Generation head: same Transformer output (Transfusion, BAGEL) or separate DiT-style head (Tuna, Tuna-2).
LLM initialization: from scratch (Transfusion) or pretrained Qwen2.5 (everyone after).

You can imagine combinations not yet explored — e.g., MoT + raw pixels, or x-prediction + VAE latent. The design space is far from exhausted.

What's not in this family (for contrast)

The boundaries of the family are sharp. These nearby models look superficially similar but break one of the five defining properties:

Model	Why it's not in the family
Chameleon (Meta)	Uses VQ-VAE discrete image tokens. Violates property 4 (continuous representations). Different family: "quantized AR".
Emu3 (BAAI)	Same — discrete image tokens, single-loss next-token prediction over text + image tokens.
Janus / Janus-Pro (DeepSeek)	Discrete image tokens for generation, separate semantic encoder for understanding. Property 4 violated.
Show-o (1.x)	Discrete image tokens with masked generation. Property 4 violated.
MetaQuery (Saining Xie group)	External diffusion module conditioned on LLM-emitted latent tokens. Two separate models. Property 1 violated.
DreamLLM, Emu, NextGPT	Same external-diffuser pattern.
JanusFlow (DeepSeek)	Borderline. Uses rectified flow and joint training, but separate vision encoders with tight latent bottleneck connectors. Closer to a cousin than a member.

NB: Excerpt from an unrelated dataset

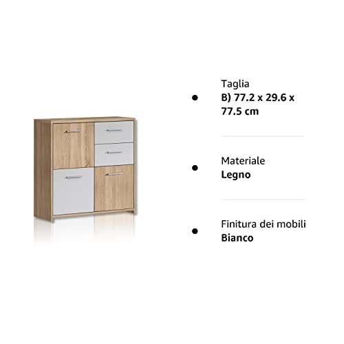 NEWFACE Forte Quadro Cassettone con 3 Ante e 2 cassetti, in Legno derivato, Rovere Sonoma e Bianco, 77,2 x 29,6 x 77,5 cm

How to read the rest of this directory

The four writeups can be read in any order, but two reading paths make the most sense:

Chronological (the historical path)

Best if you want to watch the design space evolve in real time and see each paper's contribution as a response to its predecessors.

Transfusion (Aug 2024)
BAGEL (May 2025)
Tuna (Dec 2025)
Tuna-2 (Apr 2026)

By complexity (the simplifying path)

Best if you want to start from the most elaborate architecture and watch successive papers strip pieces away.

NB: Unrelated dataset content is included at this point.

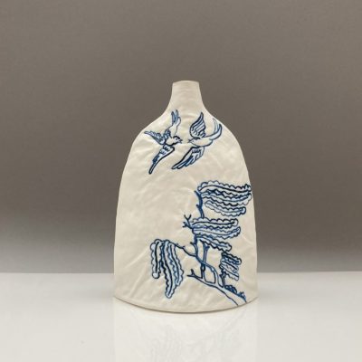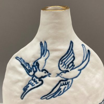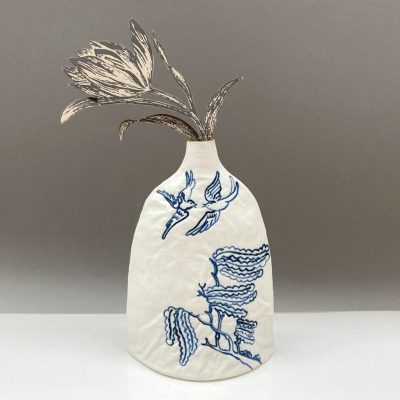 This blue and white porcelain vase, with its gold lustred rim, looks delightful either on its own or with a single stem from the garden. Two embroidered texture doves and willow tree, inspired by the willow pattern story are depicted. The stitches have been overpainted with cobalt to give a rich blue. The vase is made from slabs of porcelain that have been pressed into a plaster cast of my machine embroidered textile and cut and joined into shape. The vase is 21cm tall and the base is 14.5cm wide and 9cm deep. The interior has a glossy, transparent glaze and the rim has real gold lustre.

BAGEL — most machinery (MoT + 2 encoders + 14B params)
Tuna — drops MoT, consolidates to 1 cascaded encoder
Transfusion — back to fully shared params, 1 simple VAE
Tuna-2 — drops the encoder entirely, raw pixels in and out

Each writeup is structured the same way: a one-line idea, the design space context, an architecture walkthrough, a concrete tensor flow with example shapes, a per-block detail, and a comparison to the rest of the family.

The Transfusion family is a single research conversation playing out across four papers. Each paper is making a sharp claim — adding or (more often) removing machinery — about what's actually necessary in the recipe. The argument isn't settled, and the open questions sit right at the disputed parameters above.